Davis Murderer Denied Parole

Press Release

(Woodland, CA) – January 12, 2015 - Yolo County District Attorney Jeff Reisig announced that convicted murderer Daniel Wehner was denied parole for the tenth time on Friday, January 9, 2014, by a two-commissioner panel of the Board of Parole Hearings. The all day hearing took place at California State Prison, Solano in Vacaville.

In March, 1980, Wehner brutally murdered his former girlfriend Robin Ehlman and her friend John Manville at the Castilian Apartments in Davis. Robin was 19 years old when she was murdered and Manville, a UC Davis veterinarian student, was 25. Wehner had been stalking Ms. Ehlman and had physically and emotionally abused her during their relationship, causing her to lose consciousness after choking her on at least one occasion.

On June 19, 1981, after Wehner agreed to a plea, a Yolo County judge sentenced Wehner to 27-years-to-life for the murders. A court appointed psychiatrist interviewed Wehner’s family prior to the sentencing hearing. Family members described him as “irresponsible,” having an “explosive temper,” and “violent.” “He had a winning personality and charmed older people but had not an ounce of sincerity.” Wehner’s family described Robin as “soft and gentle.”

On Friday, Commissioners and Arthur Anderson and Cliff Andres both agreed that Wehner still posed a continued risk to public safety should he be released from prison. Commissioner Anderson stated “with rage and malice Wehner stood over Robin and pumped numerous bullets into her body in a fit of rage." Commissioner Andres, speaking directly to Wehner, sited his "inconsistencies, minimization and lack of an explanation" in talking about the murders.

Those making statements at the hearing included John Manville’s older sister as well as Robin Ehlman’s father and younger sister, who was 14 when Werner murdered Robin and John.

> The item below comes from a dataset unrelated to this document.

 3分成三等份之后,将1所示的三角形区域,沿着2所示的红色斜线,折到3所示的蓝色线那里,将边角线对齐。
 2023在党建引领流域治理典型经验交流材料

Chief Deputy District Attorney Jonathan Raven represented the District Attorney’s Office at the hearing. Davis Police Chief Landy Black and retired District Attorney Investigator Jon Updergraff, who was a Davis police officer on his first week on the job at the time of the murders, wrote letters in opposition to Wehner’s release.

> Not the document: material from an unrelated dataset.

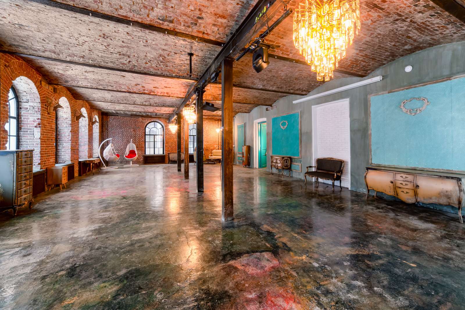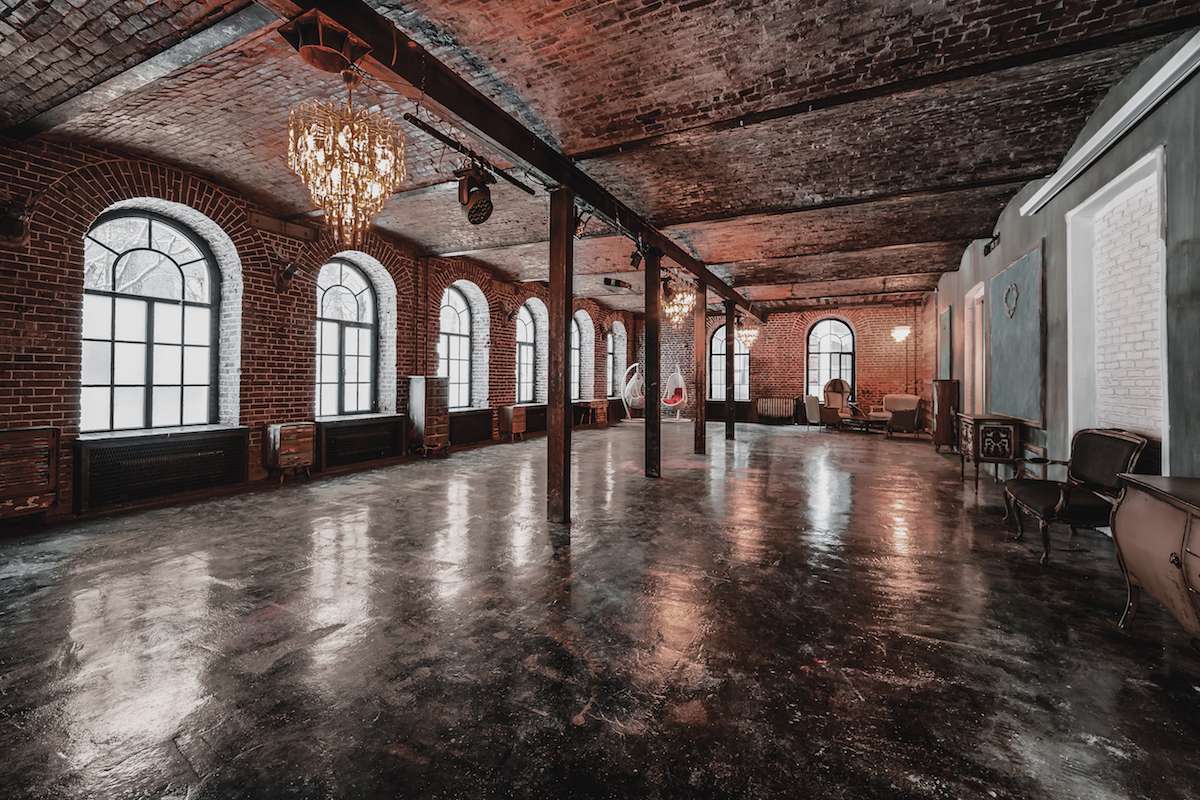 Большое стильное пространство площадью 200 м2 расположено в 5 минутах от ст.м. «Автозаводская». Огромные полукруглые окна, высокие потолки, отделка зала выполнена с безупречным вкусом и заслуживает отдельного внимания. Кирпичная кладка прекрасно гармонирует с интересным напольным покрытием, со сводчатого потолка свисают роскошные люстры, а балки добавляют пространству высоты.

Chief Black stated that Wehner’s “release will do nothing but raise the fears of citizens seeking the solace of peace, order, and justice in their communities and will only degrade their sense that justice prevails.” Investigator Updergraff recalled these murders as being the most gruesome he has seen in over 30 years in law enforcement. When he arrived at the apartment, Mr. Manville was not yet dead. The gurgling sounds he heard left an indelible impression on him.

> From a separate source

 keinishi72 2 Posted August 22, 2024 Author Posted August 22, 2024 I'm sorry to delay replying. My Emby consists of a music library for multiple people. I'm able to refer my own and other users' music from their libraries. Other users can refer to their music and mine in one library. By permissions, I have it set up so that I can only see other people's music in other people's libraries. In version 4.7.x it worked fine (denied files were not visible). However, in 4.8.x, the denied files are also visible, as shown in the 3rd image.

Yolo County District Attorney Jeff Reisig stated that he is proud of the efforts of his Lifer Parole Division. “I can’t imagine the pain these families continue to endure. It’s immeasurable. We will continue to do everything we can to support the Ehlman and Manville families. We will continue to remember and honor Robin and John. That is the very least we can do for these families and all families who have survived similar tragedies.”

Daniel Wehner will be eligible for parole again in five years.

Chief Deputy District Attorney Jonathan Raven, along with members of the victims' families, are relieved after the parole board's decision the keep Daniel Wehner behind bars.

Chief Deputy District Attorney Jonathan Raven, along with members of the victims' families, are relieved after the parole board's decision the keep Daniel Wehner behind bars.